We decided a long time ago that citizens needed to be protected from our free enterprise system with minimum wage laws. With OWS focusing attention on corporate greed and abuse, I think it's past time we protect our citizens from our free enterprise system with maximum wage laws.
I've been miffed since I read quaoar's diary on Monday CEO who laid off thousands gets $37 million retirement package. Craig Dubow, CEO of Gannett, is retiring at that tender age of 56 (in fairness, he apparently has chronic back and hip problems). He has been CEO since 2005, so in recognition of his 6 years of leadership he is being rewarded with a retirement package of $37.1 million in compensation and benefits. Yes, that is correct - thirty-seven million dollars, to retire one executive. Well, to be fair, Mr. Dubow must have made Gannett many times that in increased profit. Right? Um, well, actually, no. Since Dubow became CEO, Gannet's annual revenue from print advertising has plunged from $5.2 billion in 2005 to $2.7 billion last year. To help offset the falling revenue, Dubow oversaw 20,000 jobs cuts and unpaid leaves for its remaining workers. Well, the newspaper / print media business has suffered in this economy as folks look for things to cut back, and turn more and more to the internet for their news. But with shutting unprofitable newspapers, shedding so many employees Gannett stock price must be on fire, right? Well, not exactly - Gannett's stock closed Thursday at $10.45, an 85 percent decline since July 2005 when Dubow took over as CEO. So, if they reward a CEO that led an almost 50% decline in revenue and 85% decline in value of the company with 37.1 million, what the hell do they pay successful CEOs who actually increase revenue and company value???
Well, Gannett Corp. seems to be especially obscene in executive compensation. But according to the AFL-CIO, the average annual compensation for a CEO of an S&P 500 company for 2010 was $11.4 million, in actual salary, stock & option awards, bonus & incentive, and pension & deferred compensation - but does NOT include benefits such as medical & life insurance, vacation, travel, etc.

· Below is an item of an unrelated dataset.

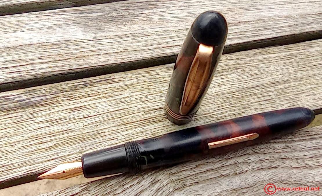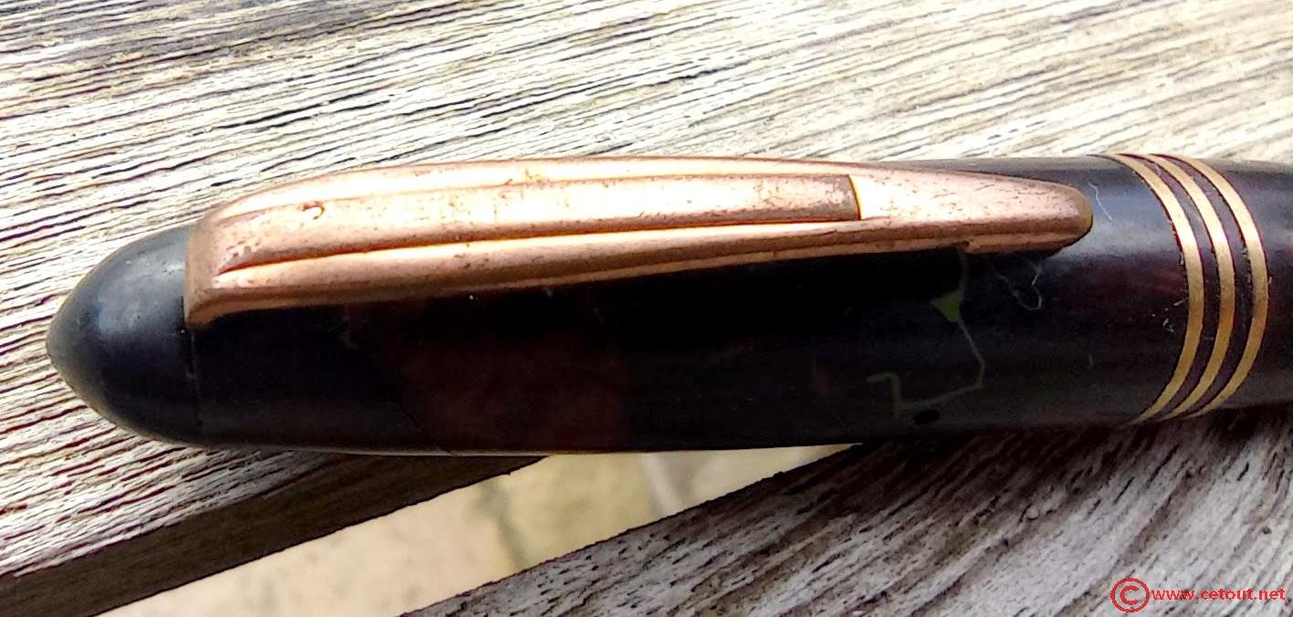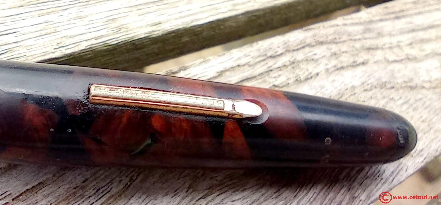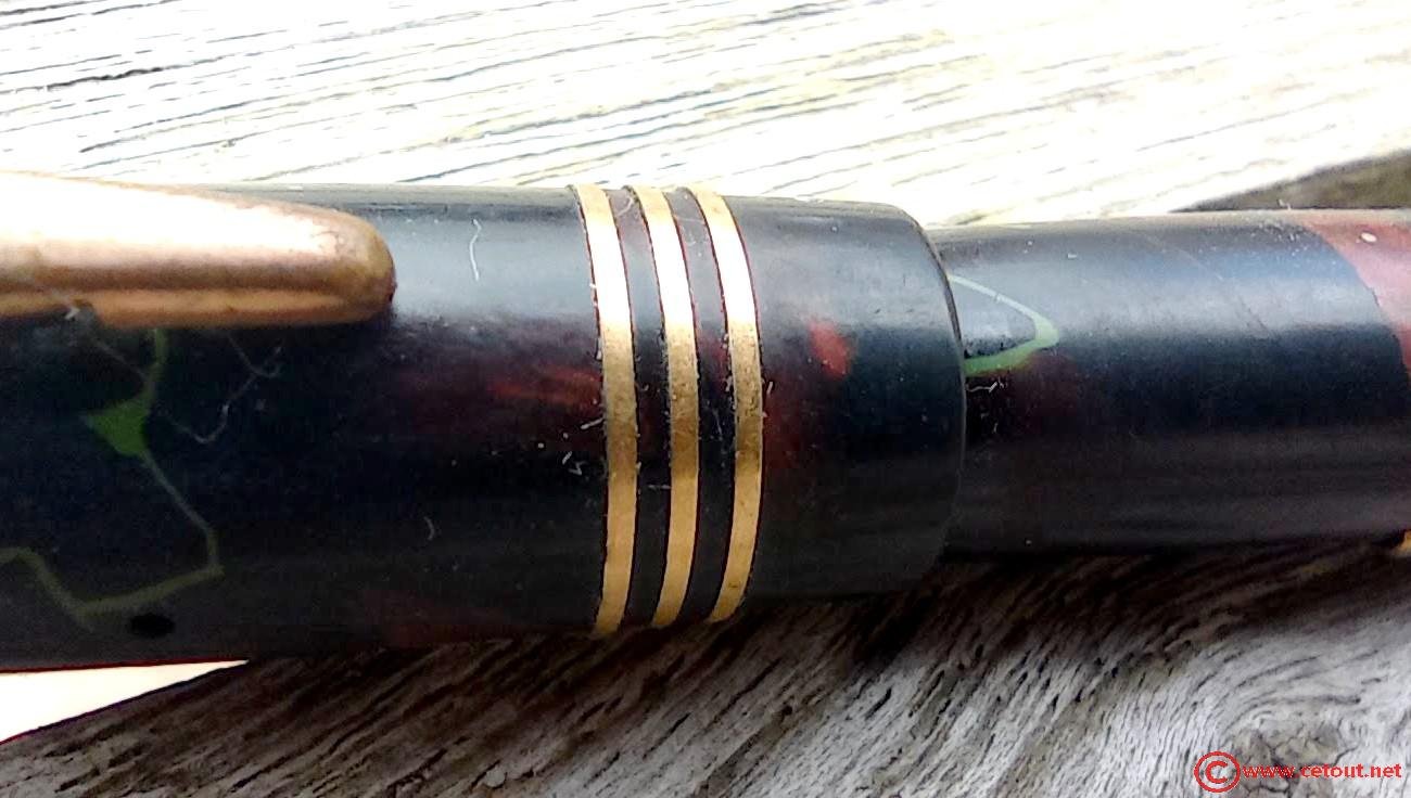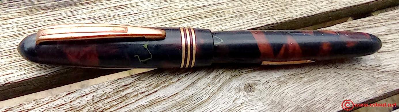 – Capuchon en Celluloïd (?) marbré rouge et noir avec quelques zébrures vertes . Clip doré avec doublure intérieure en relief. 3 bagues dorées à la base. Bon état global.
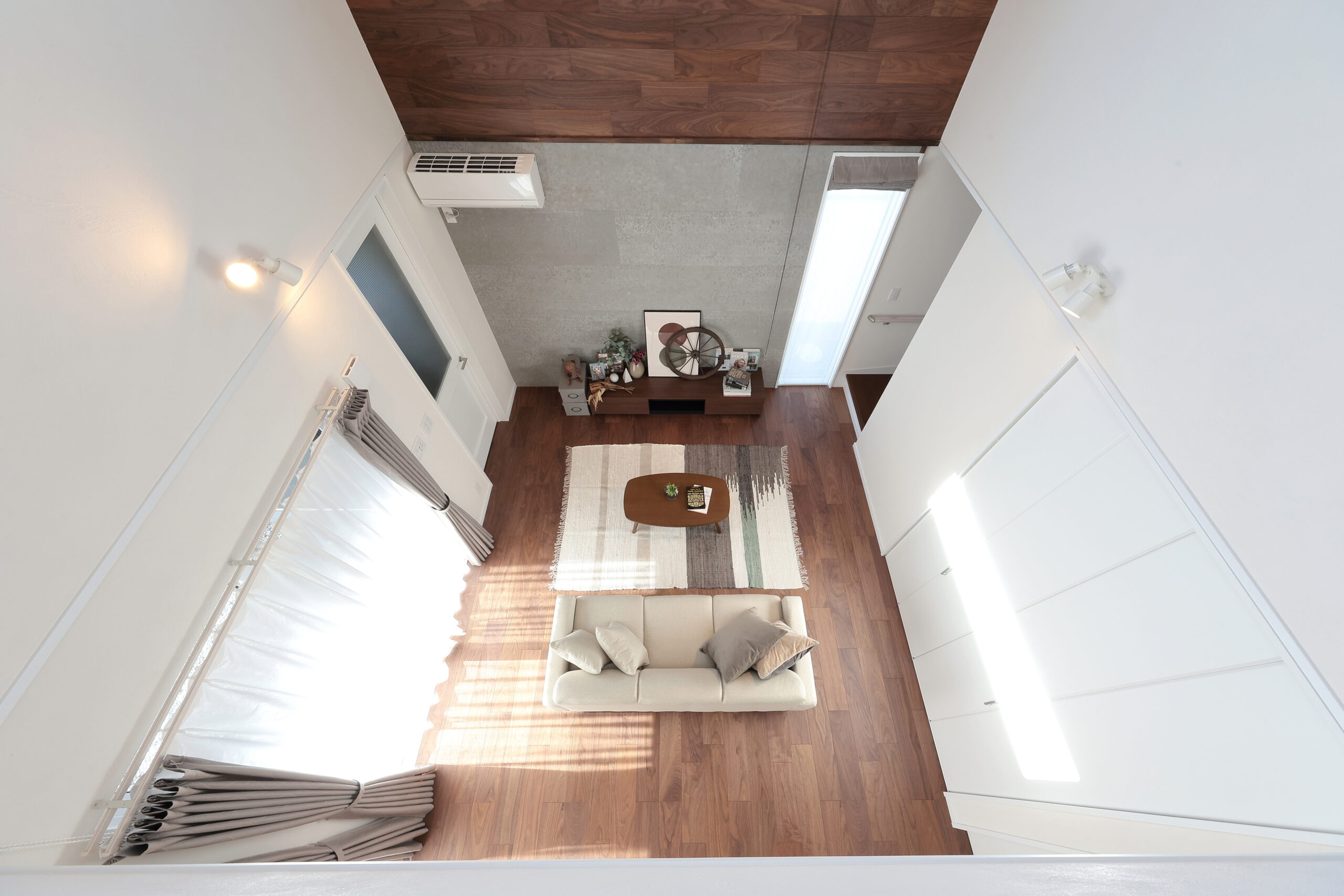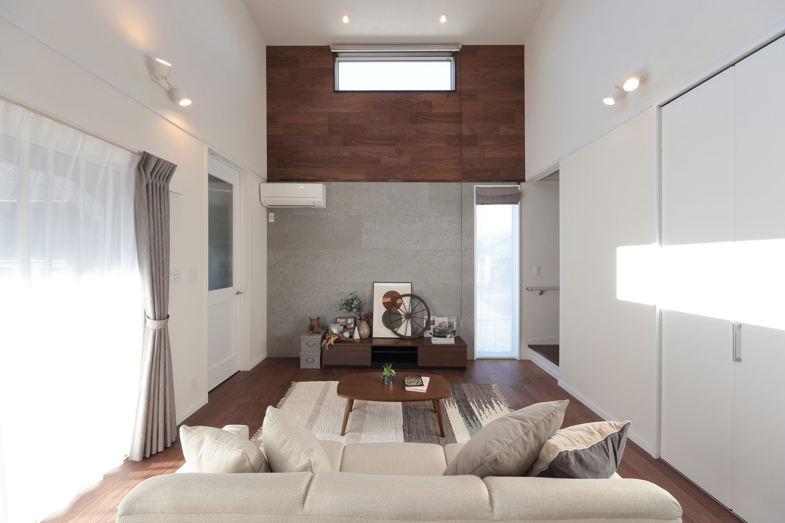 - 「吹き抜け×高窓」で陽がたっぷり差し込むリビング

For a 40 hour workweek that is $5,460 per hour, or $43,686 per day . And that's an increase of 23% over 2009. The 2010 Dodd-Frank Wall Street Reform and Consumer Protection Act does have new tools to help limit runaway CEO pay. Shareholders now have a “say-on-pay” vote on executive compensation, and companies must disclose the ratio of CEO-to-worker pay at each company.
But let's put that in another perspective: A President of the United States earns $400,000 per year. Does it make any sense at all that an average S&P CEO makes over 28 times what the leader of the world's largest economy makes? Does it make one iota of common sense that the average CEO gets paid 28 times what the guy who has the launch codes to start WWIII and Mutual Assured Destruction makes??
Dodd-Frank is a good start, but I suggest we tie in a Maximum Wage Law with the Minimum Wage Law. Currently the average S&P 500 CEO makes over 750 times the federal minimum wage of $7.25 per hour. Why don't we start with a Maximum Wage Law of 500 times minimum wage? The poor CEOs would still get over $3,600 per hour, $7.54 million per year. Then we'll phase it down - I think 100 times minimum wage is more than fair. After all, it's not really the corporation paying this obscene executive compensation, it's you an me - we pay it every time we buy a tank of gas, spend 50 cents for a newspaper, or buy a Big Mac.